Restructure the code for V3 of image recommendation algorithm
Closed, ResolvedPublic
Actions

Assigned To

Authored By

	Miriam
	Nov 20 2020, 3:21 PM

Description

V3 was coded up quickly to produce results for T266271.
I need to make it more reusable and able to produce coverage statistics.

Status	Assigned	Task
Resolved	CBogen	T254768 [EPIC] Image recommendations proof-of-concept phase
Resolved	Miriam	T256081 Image matching algorithm
Resolved	Miriam	T268346 Restructure the code for V3 of image recommendation algorithm

Refactored code is now available on stat1005.

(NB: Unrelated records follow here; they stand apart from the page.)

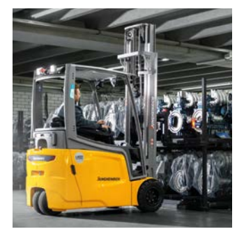
Extremely manoeuvrable , even in the tightest of spaces, thanks to 180° rotations on the spot.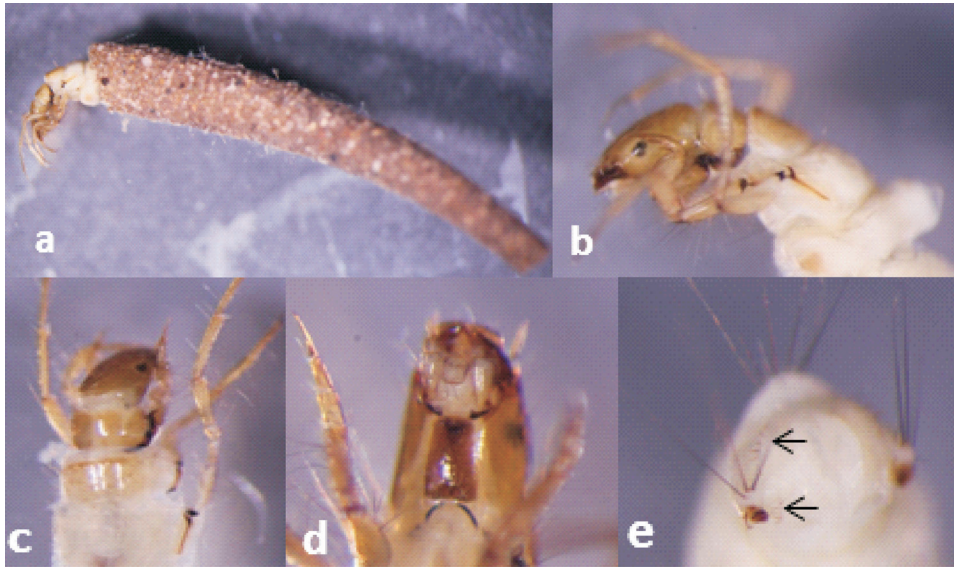
Fig. 2. (a) larva in the case; (b) lateral view of head and thorax; (c) dorsal view of head and thorax (d) ventral apotome of the head; (e) anal proleg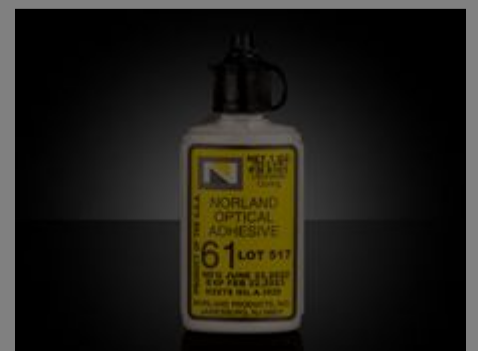
#37-322 - Norland Optical Adhesive NOA 61, 1 oz. Application Bottle €41,50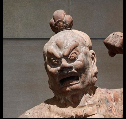
Top: National Museum of Asian Art, Smithsonian Institution, Freer Collection, Purchase—Charles Lang Freer Endowment, F1949.21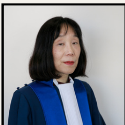
Tomoko Akane President of the International Criminal Court (2018-present)

Visits to the Court's headquarters and to court hearings are generally free to the public and allowed without reservation, however, guided visits should be arranged for a more comprehensive tour of the institution. Tailored working visits can be arranged for groups of civil society representatives such as state representatives, delegations of lawyers, and other stakeholders. The ICC is located at Oude Waalsdorperweg 10, 2597 AK, The Hague, The Netherlands . Such reservations can be arranged through the registration link within the institution's visitor information page .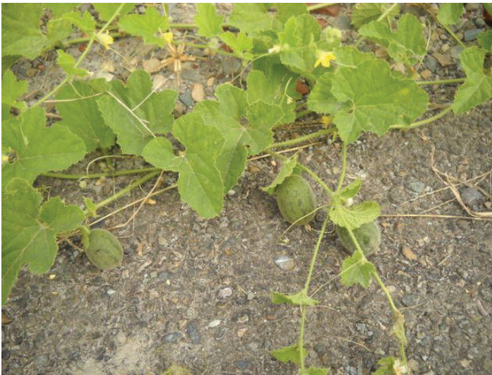
Figure 2. Creeping cucumber ( Melothria pendula ).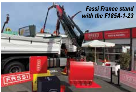
Fassi France stand with the F185A-1-23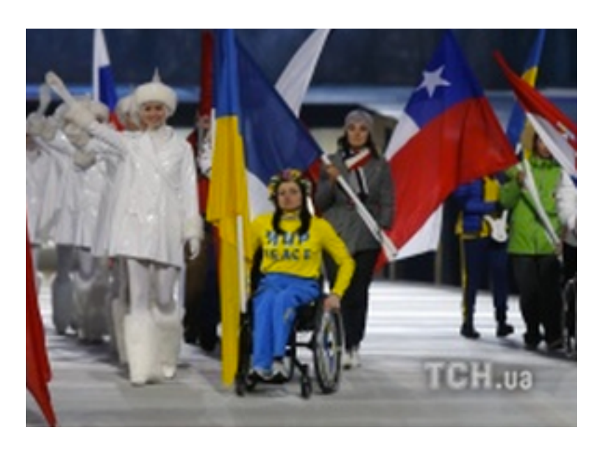
Figure 4: Image Source NADU Ukraine Photo Gallery

stat1005.eqiad.wmnet:/home/mirrys/ImageRecommendation/V3:
- retrieve_image_candidates.ipynb
- prioritize_clean.ipynb

retrieve_image_candidates.ipynb discovers unillustrated articles and finds potential images matches
prioritize-clean.ipynb filters out bad image candidates and generates good image suggestions for unillustrated articles, together with image captions, descriptions, categories, and structured data when available

Approximate coverage statistics (estimated from a sample of 50k articles with initial candidate suggestions extracted with V3):

Coverage before filtering: 500k out of 3M unillustrated articles (17%)
First round of filtering: removing invalid image candidates (flags, svgs, image placeholders): discards 55% of articles with suggestions, leaving 7.5% of unillustrated articles with potential candidates
Second round of filtering: removing images that are on-wiki only: discards further 12% of articles with suggestions, leaving 5.3% of unillustrated articles with potential candidates
Out of the remaining candidates, the metadata coverage is the following:
- missing descriptions: 59%
- missing captions: 96%
- missing categories: 0.0
- missing structured data: 92%

Closing this for now as all points were addressed.